What you will do » Set down the full listing below word for word; pictures stay out of the copy.

Data »
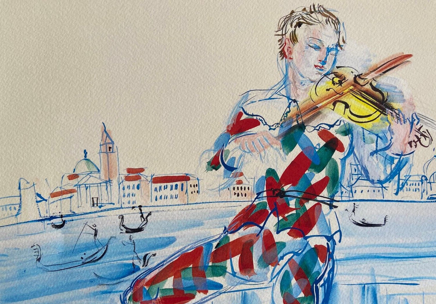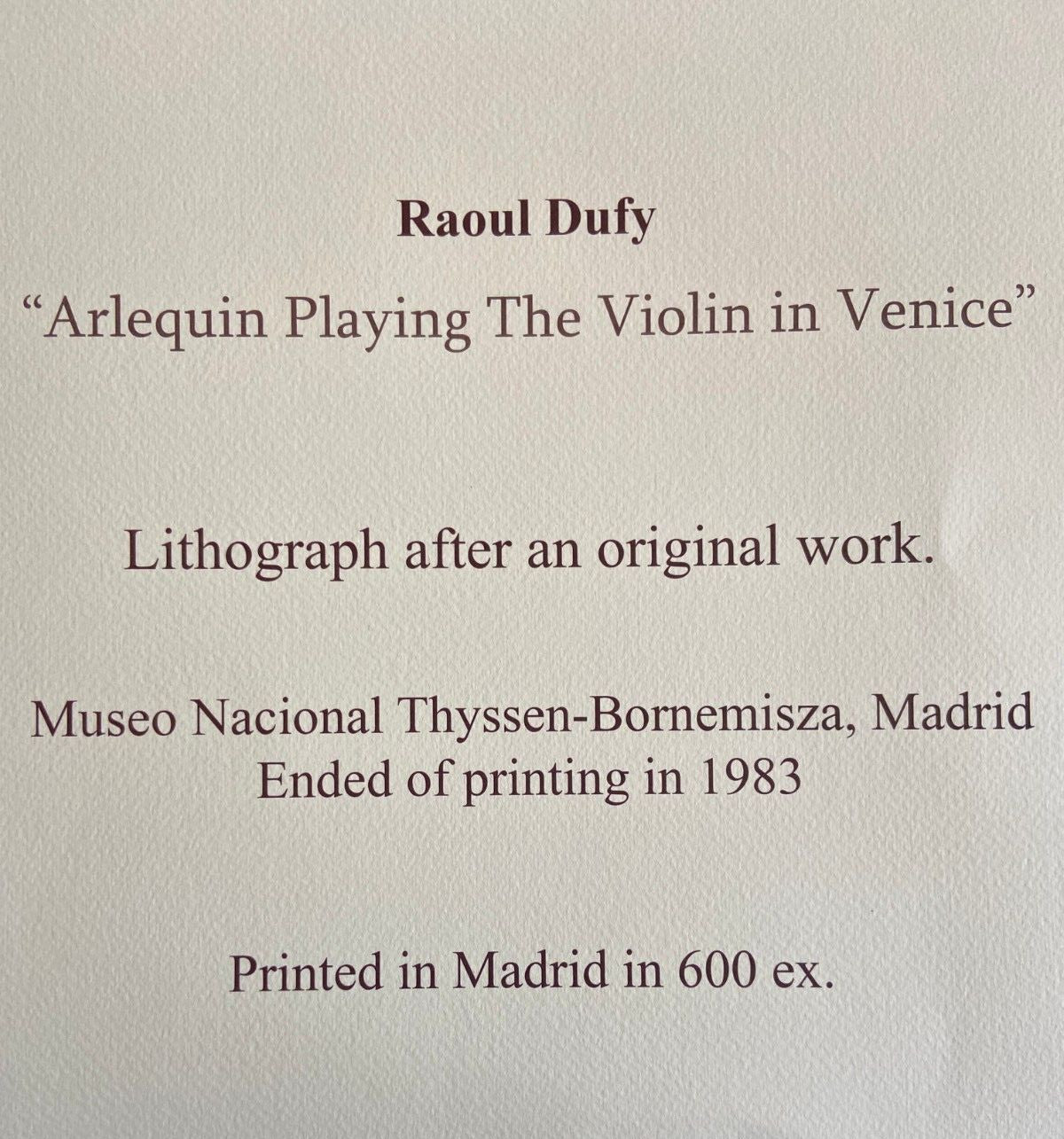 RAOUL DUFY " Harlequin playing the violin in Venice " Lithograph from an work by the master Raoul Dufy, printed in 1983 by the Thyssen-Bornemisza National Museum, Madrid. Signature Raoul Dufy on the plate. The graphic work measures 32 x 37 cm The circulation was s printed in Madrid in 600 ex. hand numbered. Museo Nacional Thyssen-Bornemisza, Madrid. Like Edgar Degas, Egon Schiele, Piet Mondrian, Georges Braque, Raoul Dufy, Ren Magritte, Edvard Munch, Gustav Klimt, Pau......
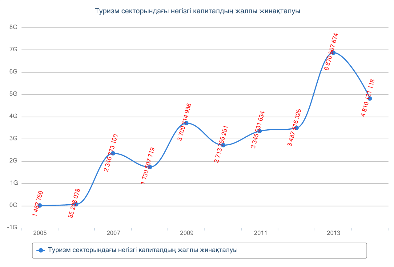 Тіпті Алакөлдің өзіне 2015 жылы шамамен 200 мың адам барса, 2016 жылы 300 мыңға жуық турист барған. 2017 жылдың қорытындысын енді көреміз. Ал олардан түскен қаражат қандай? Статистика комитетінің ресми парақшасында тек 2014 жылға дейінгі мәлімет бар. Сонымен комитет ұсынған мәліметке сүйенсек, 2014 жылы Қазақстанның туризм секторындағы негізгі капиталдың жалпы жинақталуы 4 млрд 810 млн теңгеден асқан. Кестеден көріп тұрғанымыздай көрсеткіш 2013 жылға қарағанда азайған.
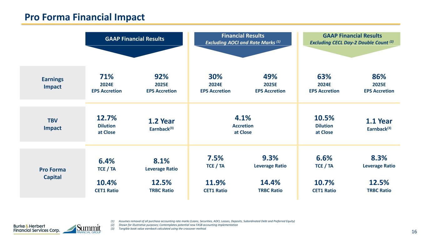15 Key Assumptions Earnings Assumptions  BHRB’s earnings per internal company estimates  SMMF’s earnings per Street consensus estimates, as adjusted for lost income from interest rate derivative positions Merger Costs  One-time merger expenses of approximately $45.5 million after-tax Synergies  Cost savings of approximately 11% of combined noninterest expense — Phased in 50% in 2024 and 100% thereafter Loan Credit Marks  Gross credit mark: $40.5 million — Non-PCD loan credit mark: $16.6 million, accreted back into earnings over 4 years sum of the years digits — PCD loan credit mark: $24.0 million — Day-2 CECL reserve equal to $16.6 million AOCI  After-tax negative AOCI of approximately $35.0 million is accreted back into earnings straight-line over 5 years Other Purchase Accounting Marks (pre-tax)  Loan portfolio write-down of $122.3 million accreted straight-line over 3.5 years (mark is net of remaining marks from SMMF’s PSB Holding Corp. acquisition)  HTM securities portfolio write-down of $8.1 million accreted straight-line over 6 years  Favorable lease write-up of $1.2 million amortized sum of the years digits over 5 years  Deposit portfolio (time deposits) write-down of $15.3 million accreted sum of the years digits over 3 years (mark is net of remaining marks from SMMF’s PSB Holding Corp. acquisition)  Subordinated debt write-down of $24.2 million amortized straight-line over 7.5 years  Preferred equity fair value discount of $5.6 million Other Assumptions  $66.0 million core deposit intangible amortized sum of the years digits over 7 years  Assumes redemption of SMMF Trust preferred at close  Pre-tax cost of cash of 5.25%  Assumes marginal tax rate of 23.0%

Your solution »
 RAOUL DUFY " Harlequin playing the violin in Venice " Lithograph from an work by the master Raoul Dufy, printed in 1983 by the Thyssen-Bornemisza National Museum, Madrid. Signature Raoul Dufy on the plate. The graphic work measures 32 x 37 cm The circulation was s printed in Madrid in 600 ex. hand numbered. Museo Nacional Thyssen-Bornemisza, Madrid. Like Edgar Degas, Egon Schiele, Piet Mondrian, Georges Braque, Raoul Dufy, Ren Magritte, Edvard Munch, Gustav Klimt, Pau......
 Тіпті Алакөлдің өзіне 2015 жылы шамамен 200 мың адам барса, 2016 жылы 300 мыңға жуық турист барған. 2017 жылдың қорытындысын енді көреміз. Ал олардан түскен қаражат қандай? Статистика комитетінің ресми парақшасында тек 2014 жылға дейінгі мәлімет бар. Сонымен комитет ұсынған мәліметке сүйенсек, 2014 жылы Қазақстанның туризм секторындағы негізгі капиталдың жалпы жинақталуы 4 млрд 810 млн теңгеден асқан. Кестеден көріп тұрғанымыздай көрсеткіш 2013 жылға қарағанда азайған.
15 Key Assumptions Earnings Assumptions  BHRB’s earnings per internal company estimates  SMMF’s earnings per Street consensus estimates, as adjusted for lost income from interest rate derivative positions Merger Costs  One-time merger expenses of approximately $45.5 million after-tax Synergies  Cost savings of approximately 11% of combined noninterest expense — Phased in 50% in 2024 and 100% thereafter Loan Credit Marks  Gross credit mark: $40.5 million — Non-PCD loan credit mark: $16.6 million, accreted back into earnings over 4 years sum of the years digits — PCD loan credit mark: $24.0 million — Day-2 CECL reserve equal to $16.6 million AOCI  After-tax negative AOCI of approximately $35.0 million is accreted back into earnings straight-line over 5 years Other Purchase Accounting Marks (pre-tax)  Loan portfolio write-down of $122.3 million accreted straight-line over 3.5 years (mark is net of remaining marks from SMMF’s PSB Holding Corp. acquisition)  HTM securities portfolio write-down of $8.1 million accreted straight-line over 6 years  Favorable lease write-up of $1.2 million amortized sum of the years digits over 5 years  Deposit portfolio (time deposits) write-down of $15.3 million accreted sum of the years digits over 3 years (mark is net of remaining marks from SMMF’s PSB Holding Corp. acquisition)  Subordinated debt write-down of $24.2 million amortized straight-line over 7.5 years  Preferred equity fair value discount of $5.6 million Other Assumptions  $66.0 million core deposit intangible amortized sum of the years digits over 7 years  Assumes redemption of SMMF Trust preferred at close  Pre-tax cost of cash of 5.25%  Assumes marginal tax rate of 23.0%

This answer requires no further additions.